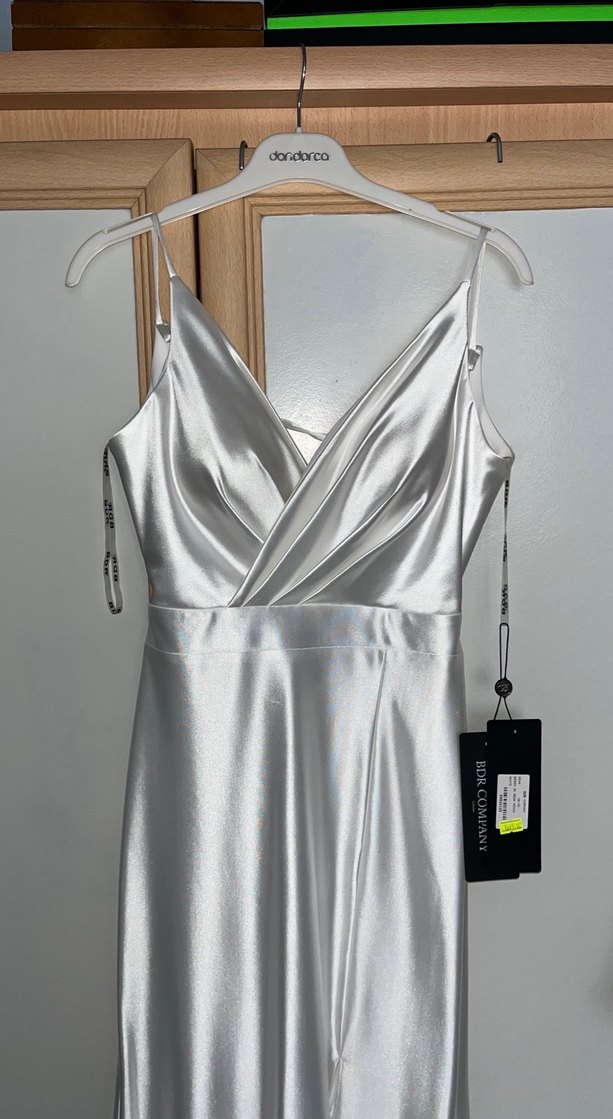 V yakalı, yırtmaçlı ve askılı uzun, beyaz saten renkli, klasik kesim abiye elbise. Göğüs kapları mevcuttur. Düğün için uygun şık tasarım. Hiç giyilmedi etiketi üzerinde
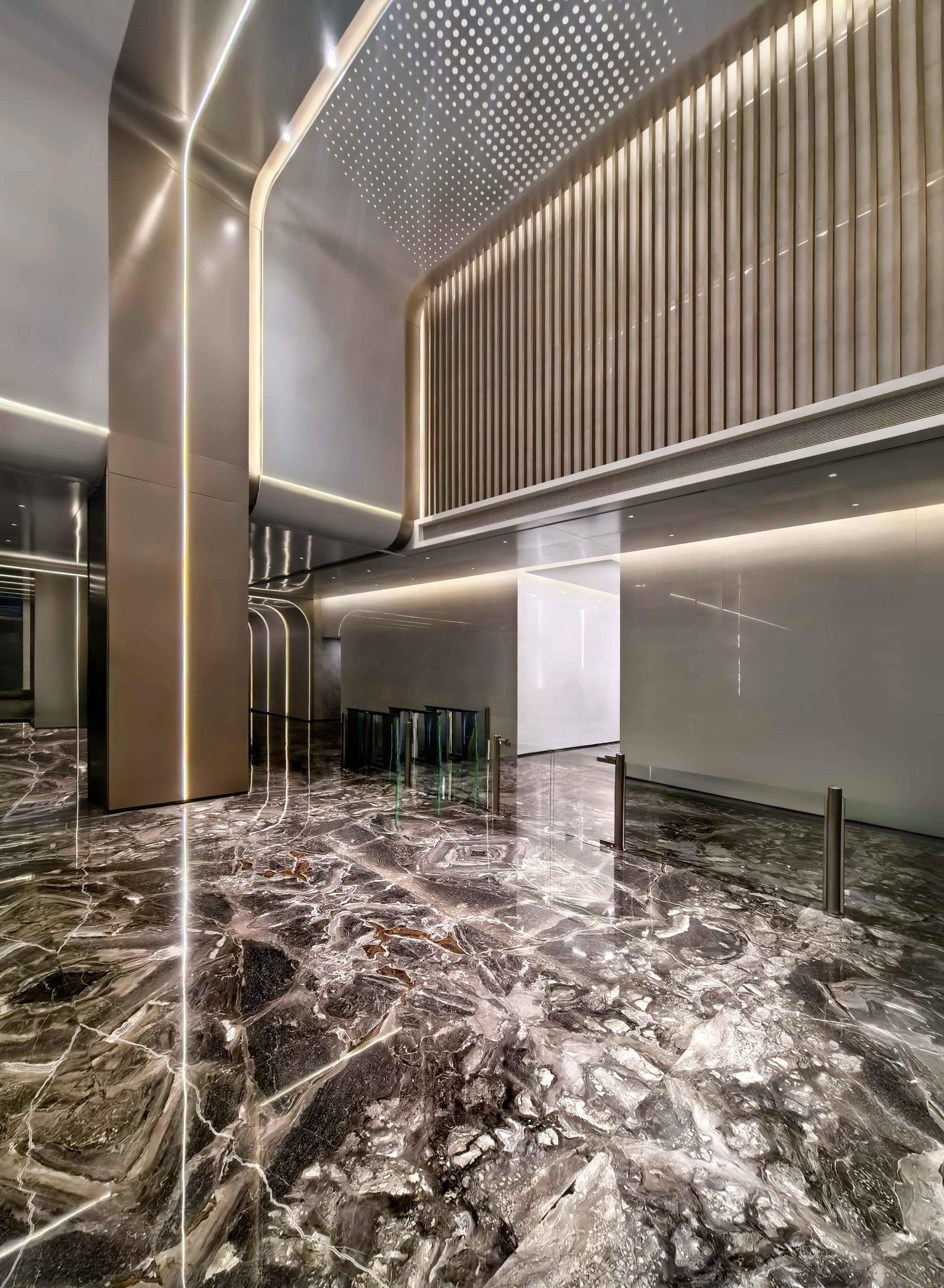 The grand hall is a realm of marble. Natural stone veins shimmer like liquid gold, evoking roiling beer in vessels or Henri Matisse’s The Dance, where swirling figures lend rhythm to the space. Under evening lights, it conjures visions of golden halls, transforming the area into an artistic sanctuary.
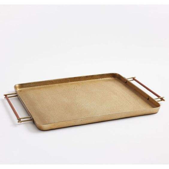 Plateau de service contemporain en métal fabriqué à la main de la meilleure qualité avec finition dorée utilisé pour servir des fruits secs et de la vaisselle
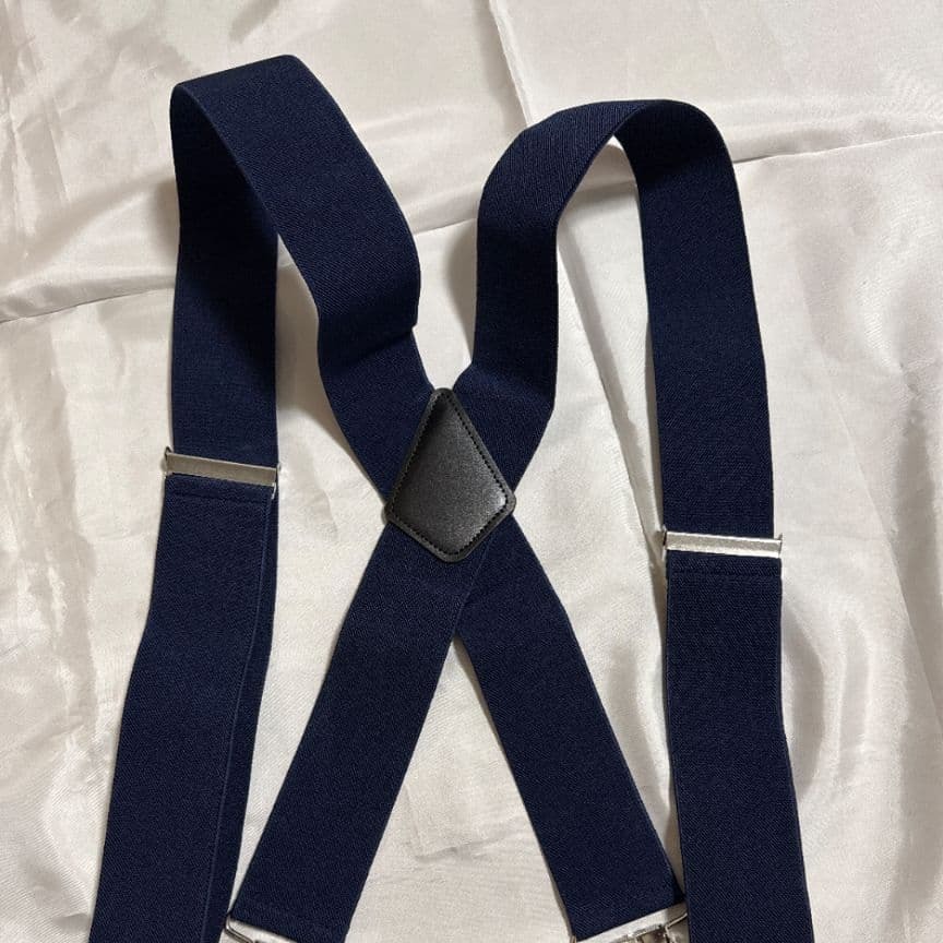 - 【紺】サスペンダー調節可能なショルダーストラップ付◎ クロス部分はフェイクレザーです!大切な男性への贈り物としてもオススメです
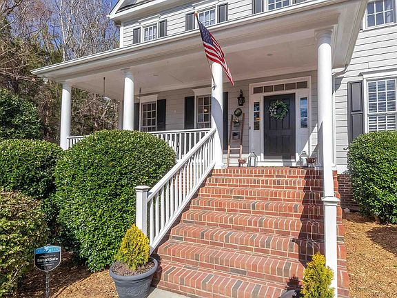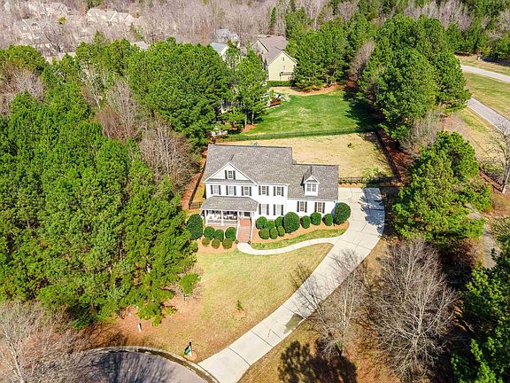 Stately home situated on quiet cul-de-sac in the Treyburn Golf Course Community. Large .65 acre lot is surrounded by mature landscaping & trees. Covered front porch, upgraded custom trim package, entry foyer, formal dining, & breakfast room. Open kitchen w/SS appliances, tile backsplash, granite countertops, glass cabinets, & built-in desk. 2 story ceilings in living room w/built-in shelving, & gas FP accent wall. 1st floor owner's suite w/dual sink vanity, soaking tub, glass shower enclosure, huge WI closet, & water closet. Wheelchair accessible on main floor. Study on main level w/direct access to backyard. 2nd floor has an office w/shelving, secondary bedrooms, 2 full baths, & bonus. Flat, fenced backyard w/blue stone patio is perfect for entertaining. **Privacy curtains for back patio & new plantings for backyard are currently underway. Side load 2 car garage. Neighborhood walking trails & playground are just a block away. Whole house Generac generator. Treyburn amenities include clubhouse, tennis courts, fine dining, events spaces & more! The championship golf course is part of the McConnell Golf portfolio.
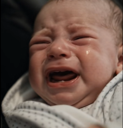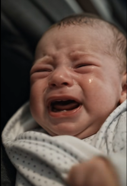 Seine erste Reaktion war eindeutig – Verärgerung. Er wich etwas zurück, runzelte die Stirn und sah die Frau neben sich an. Es war klar, dass ihn die Situation beunruhigte. Sein Blick wanderte zu dem Kind und dann zurück zu der erschöpften Mutter.

# YOUR OBJECTIVE
Exclude the pictures. Write out the remaining data exactly.

# TASK SOLUTION
 V yakalı, yırtmaçlı ve askılı uzun, beyaz saten renkli, klasik kesim abiye elbise. Göğüs kapları mevcuttur. Düğün için uygun şık tasarım. Hiç giyilmedi etiketi üzerinde
 The grand hall is a realm of marble. Natural stone veins shimmer like liquid gold, evoking roiling beer in vessels or Henri Matisse’s The Dance, where swirling figures lend rhythm to the space. Under evening lights, it conjures visions of golden halls, transforming the area into an artistic sanctuary.
 Plateau de service contemporain en métal fabriqué à la main de la meilleure qualité avec finition dorée utilisé pour servir des fruits secs et de la vaisselle
 - 【紺】サスペンダー調節可能なショルダーストラップ付◎ クロス部分はフェイクレザーです!大切な男性への贈り物としてもオススメです
 Stately home situated on quiet cul-de-sac in the Treyburn Golf Course Community. Large .65 acre lot is surrounded by mature landscaping & trees. Covered front porch, upgraded custom trim package, entry foyer, formal dining, & breakfast room. Open kitchen w/SS appliances, tile backsplash, granite countertops, glass cabinets, & built-in desk. 2 story ceilings in living room w/built-in shelving, & gas FP accent wall. 1st floor owner's suite w/dual sink vanity, soaking tub, glass shower enclosure, huge WI closet, & water closet. Wheelchair accessible on main floor. Study on main level w/direct access to backyard. 2nd floor has an office w/shelving, secondary bedrooms, 2 full baths, & bonus. Flat, fenced backyard w/blue stone patio is perfect for entertaining. **Privacy curtains for back patio & new plantings for backyard are currently underway. Side load 2 car garage. Neighborhood walking trails & playground are just a block away. Whole house Generac generator. Treyburn amenities include clubhouse, tennis courts, fine dining, events spaces & more! The championship golf course is part of the McConnell Golf portfolio.
 Seine erste Reaktion war eindeutig – Verärgerung. Er wich etwas zurück, runzelte die Stirn und sah die Frau neben sich an. Es war klar, dass ihn die Situation beunruhigte. Sein Blick wanderte zu dem Kind und dann zurück zu der erschöpften Mutter.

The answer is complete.